Above the same driver from four different measurements of impedance: Two are done from stepped sinusoidal measurements and two with a sweep signal. Both are performed by added mass (20 grams) and added volume (33.4 liter).
Now, this all looks pretty nice making the same Qt, but Vas does vary some.
Next I tried added mass/sweep and 4 different input levels:

This looks more interesting as we get a huge variation depending on voltage applied during measurements. So, what is right? Good question! Actually none of these are correct as it was possible here to measure the weight of the the moving mass. This is done by taking the membrane with the voice coil and cutting half the rubber surround and half the spider. At least this is as close as we can get the moving mass. We can always argue if half the rubber surround and half the spider is really the right amount of suspensions adding to the moving mass. Anyway, Mms is closer to 25 grams - and this is close to what we get from maximum CLIO output, added mass and sweep measurements (column 4 in the first illustration). But Qt is really low - and is this really true? Hard to tell. The problem is that the suspension aren't linear. This shows up in Cms and Rms. Cms is the compliance of the suspensions, where Rms is the damping of the suspension and also from e.g. voice coil formers made from aluminum. Using Kapton voice coil former the electrical damping is much less and usually produce a much higher Qm.
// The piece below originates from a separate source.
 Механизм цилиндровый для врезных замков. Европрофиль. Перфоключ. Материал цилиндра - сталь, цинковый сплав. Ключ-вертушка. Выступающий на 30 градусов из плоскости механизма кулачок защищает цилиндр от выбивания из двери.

The lesson to be learned from this is that TS data you're looking at are not true! They could be something else if the measurements were done with another input voltage. This doesn't mean the TS data aren't useful, in particular if they far outside Qt = 0.35. I also means we have to try different volumes before we finally decide on the final cabinet for our driver. Ideally we should try various volumes and various amounts of damping material before we decide.
 
The box simulation excel file linked above does not tell you optimum cab volume for a given driver and we may question whether this is desirable at all as only a few drivers will fit in nicely when it comes to the math. For ported systems, only drivers with a Qt close to 0.35 will make a perfect match.
Dealing with high-Qt drivers (e.g. Qt > 0.4) we use cabs too small and for low-Qt drivers (e.g. Qt < 0.3) we tend to use too large cabinets. Remember, there's no "right" here. You can use whatever you want, but be aware of the consequences of what you're doing. Too small cabs may mean no bass and too large cabs may produce a boom-box with un-precise bass performance (e.g. 2.5 clone).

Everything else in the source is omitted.